In short, for a real, lasting peace, the Islamic Republic of Iran must stop being the government of Iran. Because its rulers are not rational actors, there is no level of persuasion short of absolute destruction that will prevent its messianic, fundamentalist leaders from pursuing nuclear weapons to wipe the grave offense to Allah that is Israel off the face of the earth. And I’m going to go out on a limb and suggest that a full-scale nuclear exchange between Iran and Israel is not in the best interests of the United States.
Removing the Islamic Republic of Iran from power will not remotely be easy, and will have to be brought about by some combination of continued assassination and destruction of Revolutionary Guard assets, the use of regional proxy armies (such as the Kurds), possibly turning of non-IRGC military leadership and units, a popular uprising by (possibly U.S. armed and trained) Iranian civilians, and yes, even the dreaded “boots on the ground” from Israeli and U.S. forces and the occupation of, at the very least, Tehran and Qom, no matter how many “austere religious scholars” need to be dirtnapped along the way.

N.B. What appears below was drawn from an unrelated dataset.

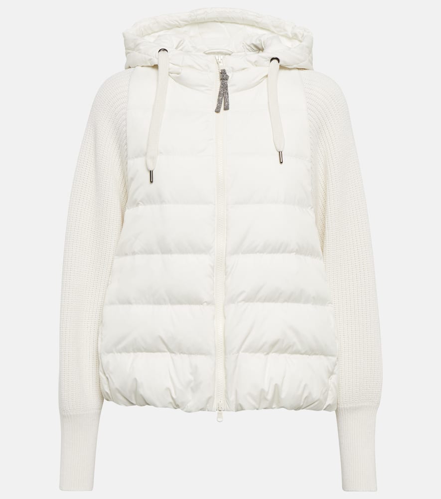 Pockets: snap-buttoned pockets. Material II: 60% wool, 30% cashmere, 10% silk. Made in Italy. Designer color name: White. Care instructions: specialist clean. Closure: two-way zipped front. Material: 100% polyester. Comes with garment bag. Drawstring hood. Lining: 100% polyamide, fully lined. Drawstring at the hem for adjustable fit. Filling: 100% polyamide. Details: 100% wool. Shop the latest Brunello Cucinelli Puffer & Down Jackets.

The U.S. lost Vietnam and Afghanistan because the insurgents we were fighting had sanctuary in, and were backed by, nation states (North Vietnam and Pakistan). That will not be the case in Iran, as the Sunni-dominated governments of Turkey, Iraq, Pakistan, and Afghanistan are deeply unlikely to back a Shiite insurgency in Iran.
The cost of victory in Iran will be high, but failure to finally rid the world of a radical Islamic regime irredeemably hostile to the United States of America and a backer of transnational terrorism, especially given the considerable military assets already deployed into theater, will be much higher than slightly expensive gas.